**AIM OF THE EXERCISE:** Begin at the line containing "An ideal combination" in the data below and go on through the line containing "Causal Patchwork Butterfly", repeating each line exactly; include both ends and no other line.

Data extracted from a collection:
******************************
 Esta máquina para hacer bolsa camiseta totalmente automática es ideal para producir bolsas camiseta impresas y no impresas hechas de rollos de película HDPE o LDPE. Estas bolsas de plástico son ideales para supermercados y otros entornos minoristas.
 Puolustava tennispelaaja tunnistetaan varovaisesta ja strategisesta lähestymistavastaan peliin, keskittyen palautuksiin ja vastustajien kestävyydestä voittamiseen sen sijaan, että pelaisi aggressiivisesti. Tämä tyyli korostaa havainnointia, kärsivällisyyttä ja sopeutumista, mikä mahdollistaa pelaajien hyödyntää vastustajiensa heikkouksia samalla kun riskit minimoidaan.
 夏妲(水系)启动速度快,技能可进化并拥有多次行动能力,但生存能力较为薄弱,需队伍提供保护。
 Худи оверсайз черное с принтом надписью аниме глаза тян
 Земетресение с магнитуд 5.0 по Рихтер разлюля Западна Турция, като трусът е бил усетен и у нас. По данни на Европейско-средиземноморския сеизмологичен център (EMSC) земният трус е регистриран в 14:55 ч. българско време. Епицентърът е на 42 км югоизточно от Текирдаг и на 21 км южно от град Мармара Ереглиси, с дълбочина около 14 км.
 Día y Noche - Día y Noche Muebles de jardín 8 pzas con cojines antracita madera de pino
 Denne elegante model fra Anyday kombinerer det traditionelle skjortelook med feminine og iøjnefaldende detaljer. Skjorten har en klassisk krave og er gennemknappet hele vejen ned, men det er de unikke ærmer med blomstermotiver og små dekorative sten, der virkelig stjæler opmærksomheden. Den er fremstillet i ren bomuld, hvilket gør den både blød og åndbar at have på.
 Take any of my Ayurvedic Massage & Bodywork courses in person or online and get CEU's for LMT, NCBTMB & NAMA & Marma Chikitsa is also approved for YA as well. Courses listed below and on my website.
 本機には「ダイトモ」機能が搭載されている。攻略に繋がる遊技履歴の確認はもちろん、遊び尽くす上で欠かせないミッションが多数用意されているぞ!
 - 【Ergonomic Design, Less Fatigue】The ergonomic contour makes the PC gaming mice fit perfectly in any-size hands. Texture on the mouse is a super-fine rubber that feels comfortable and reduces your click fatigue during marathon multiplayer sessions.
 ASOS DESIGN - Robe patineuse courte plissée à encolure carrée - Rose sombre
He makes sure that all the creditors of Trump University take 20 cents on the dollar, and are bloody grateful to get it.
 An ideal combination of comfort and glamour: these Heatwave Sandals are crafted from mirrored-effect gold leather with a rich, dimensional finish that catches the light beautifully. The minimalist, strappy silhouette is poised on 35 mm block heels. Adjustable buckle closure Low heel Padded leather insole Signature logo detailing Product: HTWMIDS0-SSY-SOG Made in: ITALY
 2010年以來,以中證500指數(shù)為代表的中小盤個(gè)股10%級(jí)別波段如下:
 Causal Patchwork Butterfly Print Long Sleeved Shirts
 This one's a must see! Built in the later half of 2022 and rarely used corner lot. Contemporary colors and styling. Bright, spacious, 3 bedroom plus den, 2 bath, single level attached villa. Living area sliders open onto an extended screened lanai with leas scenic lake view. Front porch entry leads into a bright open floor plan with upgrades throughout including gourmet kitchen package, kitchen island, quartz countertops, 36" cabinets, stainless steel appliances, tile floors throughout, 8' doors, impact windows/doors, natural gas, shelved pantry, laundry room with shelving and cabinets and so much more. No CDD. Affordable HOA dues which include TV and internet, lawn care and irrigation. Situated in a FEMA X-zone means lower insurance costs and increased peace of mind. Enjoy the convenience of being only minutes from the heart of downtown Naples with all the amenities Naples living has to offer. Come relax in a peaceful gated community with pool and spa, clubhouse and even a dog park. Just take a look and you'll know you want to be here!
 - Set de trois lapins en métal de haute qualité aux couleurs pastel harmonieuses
******************************
**EXERCISE RESPONSE:**
 An ideal combination of comfort and glamour: these Heatwave Sandals are crafted from mirrored-effect gold leather with a rich, dimensional finish that catches the light beautifully. The minimalist, strappy silhouette is poised on 35 mm block heels. Adjustable buckle closure Low heel Padded leather insole Signature logo detailing Product: HTWMIDS0-SSY-SOG Made in: ITALY
 2010年以來,以中證500指數(shù)為代表的中小盤個(gè)股10%級(jí)別波段如下:
 Causal Patchwork Butterfly Print Long Sleeved Shirts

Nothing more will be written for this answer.